For additional information, please contact: Gregory Bowes, CEO (613) 241-9959
This news release contains certain "forward-looking statements" within the meaning of applicable Canadian securities laws. Forward-looking statements and information are frequently characterized by words such as "plan", "expect", "project", "intend", "believe", "anticipate", "estimate", "potential", "possible" and other similar words, or statements that certain events or conditions "may", "will", "could", or "should" occur. Forward-looking statements in this release include statements regarding, among others; economic and technical studies, graphite prices, project economics, permitting, the development timeline and the graphite market. All such forward-looking statements are based on assumptions and analyses made by management based on their experience and perception of historical trends, current conditions and expected future developments, as well as other factors they believe are appropriate in the circumstances. However, these statements are subject to a variety of risks and uncertainties and other factors that could cause actual events or results to differ materially from those projected including, but not limited to, unexpected changes in laws, rules or regulations, or their enforcement by applicable authorities; the failure of other parties to perform as agreed; social or labour unrest; changes in commodity prices; unexpected failure or inadequacy of infrastructure and the failure of ongoing and contemplated studies to deliver anticipated results or results that would justify and support continued studies, development or operations. Readers are cautioned not to place undue reliance on forward-looking information or statements.
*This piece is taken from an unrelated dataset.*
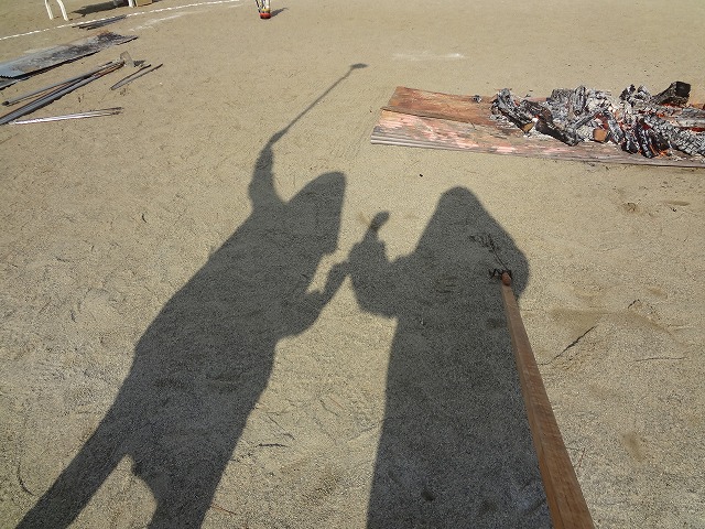 熾火になったところで、前日に、みんなが濡らした新聞紙とアルミホイルで包んで準備してくれたサツマイモを投入!

Although the forward-looking statements contained in this news release are based on what management believes are reasonable assumptions, the Company cannot assure investors that actual results will be consistent with them. These forward-looking statements are made as of the date of this news release and are expressly qualified in their entirety by this cautionary statement. Subject to applicable securities laws, the Company does not assume any obligation to update or revise the forward-looking statements contained herein to reflect events or circumstances occurring after the date of this news release.
Neither the TSX Venture Exchange nor its Regulation Services Provider (as that term is defined in the policies of the TSX Venture Exchange) accepts responsibility for the adequacy or accuracy of this release.